Delirious. It's the only word I can think of to describe the way I was feeling yesterday morning at 6AM when my alarm began blaring. I'd just gone to bed at 5AM and my eyes felt like someone had poured sand in them.
As you may know, this past week has been filled with trips to the hospital to visit my dad and then, late nights trying to catch up on what I couldn't do during the day. Sleep had quickly become a luxury I couldn't afford and yesterday, my tank was on empty.
I was physically and mentally drained. Plain and simple.
Plus, the temperatures outside had significantly dropped and the cold chill from outdoors had crept into the house, making it feel all drafty. The overcast sky and the sound of the gentle rain tapping the windowpane in my bedroom made it a perfect morning just to throw the covers back over my head and go to sleep.
All was perfectly quiet and still. I wanted to cry thinking about having to move, but I figured that it would've been somewhat ridiculous to be reduced to a blubbering mess over something I knew the Lord wanted me to do.

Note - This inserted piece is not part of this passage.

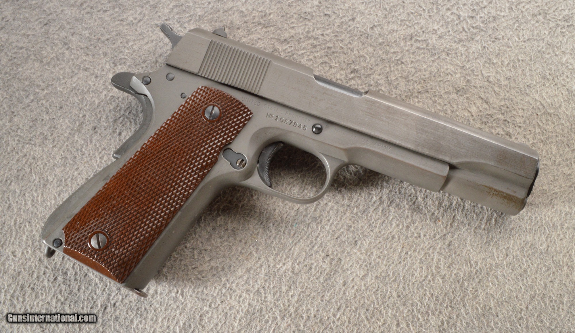Description: This example is a Union Switch & Signal (US&S) Model 1911-A1 in 45 ACP. The left side of the slide is marked with a "USS" logo and "U.S. & S. CO. / SWISSVALE, PA. U.S.A.". The left side of the frame is marked with a circled "R.C.D." above the magazine release, and a "P" acceptance proof below the magazine release. The right side of the frame is marked "UNITED STATES PROPERTY / No 1057945" and "M 1911A1 U.S. ARMY". There is another "P" on the top of the slide in front of the rear sight. Left side of barrel lug has a "P" and right side has an "HS". The "P" stamp indicates it was proofed, and the "HS" signifies that the barrel was manufactured by High Standard for Union Switch and Signal. The magazine is marked on the top toe with an "A" for (American Pin Company). The magazine no rust or dents.The front sight is a short-serrated ramp blade and the rear is a dovetailed square notch. The grips are two-piece checkered brown with reinforcement rings around the screws. .45 Auto SOLD Chambers: Semi auto. Metal Condition: 95% remaining with minor finish wear. No deep scratches or gauges. Wood Condition: The grips are in excellent condition with no chips or cracks. Bore Condition: The bore shows well-defined rifling with light pitting throughout the lands and grooves. Triggers: Single action trigger. Sights: "Fixed front, drift adjustable rear. Item Location: Owatonna, MN |

I had a ministry engagement to fulfill--one that the Holy Spirit inside of me wouldn't let me cancel.
I was on assignment and though it was a real fight to get myself up and out of bed, I knew God had work for me to accomplish on His behalf and this wasn't the time to back out of it.
I figured I'd just catch up on some shut-eye later.
So, I got myself together and made it to that ministry engagement and the Lord moved mightily. When it was over, I had no doubt that pressing my way was the right thing to do. After I got home, I crashed... it was beautiful.
Sometimes, you'll have to press your way too, even when you don't feel like it, because there will be times when what you want to do, will contradict what you need to do, thus creating an internal struggle.
You see, in those seasons when you're going through tough times, you have to be determined to place your conviction above your condition.
My conviction said, God told you to do something so get out of this bed girl; but my physical and mental condition said, it's been a rough week--both physically and emotionally draining-- and right now, you need to just rest.
My conviction won out.
I pray that, in the midst of life's storms, yours will too, especially when your trials and tribulations make you want to give up and when you feel tired and ill-equipped to carry on.
Now, of course there are those occasions when your physical, mental, or emotional condition may dictate that you cannot do some things. That's OK too. You have to take care of yourself and be wise in your decisions. But this post is speaking to those pivotal moments when you know deep down, that God is giving you supernatural strength and ability to rise above your limitations in order to carry out an assignment He's given you. In those cases, you need to press.
Trust me, I know that He'll give you the grace and power to walk through the doors He's opened when you choose your conviction over your condition.
Today, I admonish you to be strong in the midst of trouble. Know that the Lord is with you, strengthening and carrying you through every test. I'll just leave you with the scripture that's been helping me to sustain: "And he said unto me, My grace is sufficient for thee: for my strength is made perfect in weakness" (2 Corinthians 12:9a KJV).
By the way, thanks so much for all your prayers. Dad is doing so much better and is finally at home recovering.